Police officials and Mayor Michael Bloomberg said that each of the 914 police recruits being sworn in yesterday would join the program, Operation Impact. They also announced that crime in almost every major category declined again this year, with violence down in the schools and on the subways and with homicides on track to fall below 500 for the first time since reliable statistics became available 44 years ago.
Because some areas, mostly in northern Brooklyn, show stubbornly higher crime rates, they will get a bigger influx of Operation Impact officers, Police Commissioner Raymond Kelly said. They include parts of Brownsville, Bedford-Stuyvesant, East New York and Crown Heights.

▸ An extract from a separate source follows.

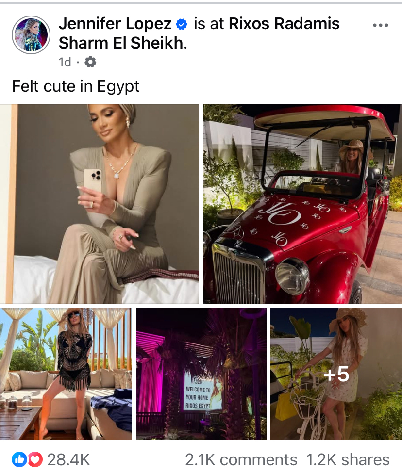 وثقت النجمة العالمية جينيفر لوبيز رحلتها الأخيرة لمصر من خلال صور نشرتها على حساباتها الرسمية، وظهرت فيها مبسوطة وسط أجواء شرم الشيخ بين البحر والجمهور.

Operation Impact, begun in 2003, matches new recruits with seasoned officers and supervisors to tackle crime spikes in narrowly drawn geographic areas. Coming at a time when the department is facing recruitment challenges, the new influx will double -- to more than 1,800 -- the number of officers assigned to those duties in a force that currently has 35,400 members.
"If you look at a map showing where crime is, it is clearly concentrated in a couple of areas and the people that live in those areas have a right to live in a safe neighborhood just like those who are lucky enough to do so today," Bloomberg said as he stood with Kelly and a phalanx of police commanders inside the 28th Precinct station house in Harlem.
As of 7:30am on Wednesday, 484 homicides had been recorded in New York City this year, Kelly said, 97 fewer than at the same time last year. Officials said the city was headed toward having fewer than 500 homicides this year, by far the lowest number in a 12-month period since reliable Police Department statistics became available in 1963, when there were 548 killings.
Dennis Smith, a professor at the Wagner Graduate School of Public Service at New York University and an author of an analysis of Operation Impact, hailed the new emphasis on the program as a "targeted use of scarce resources."
He said he had feared that city officials might curb the program.
"This is further validation of research that has been done around the country -- on smaller, more temporary versions of this approach -- that hot-spot policing really works," Smith said.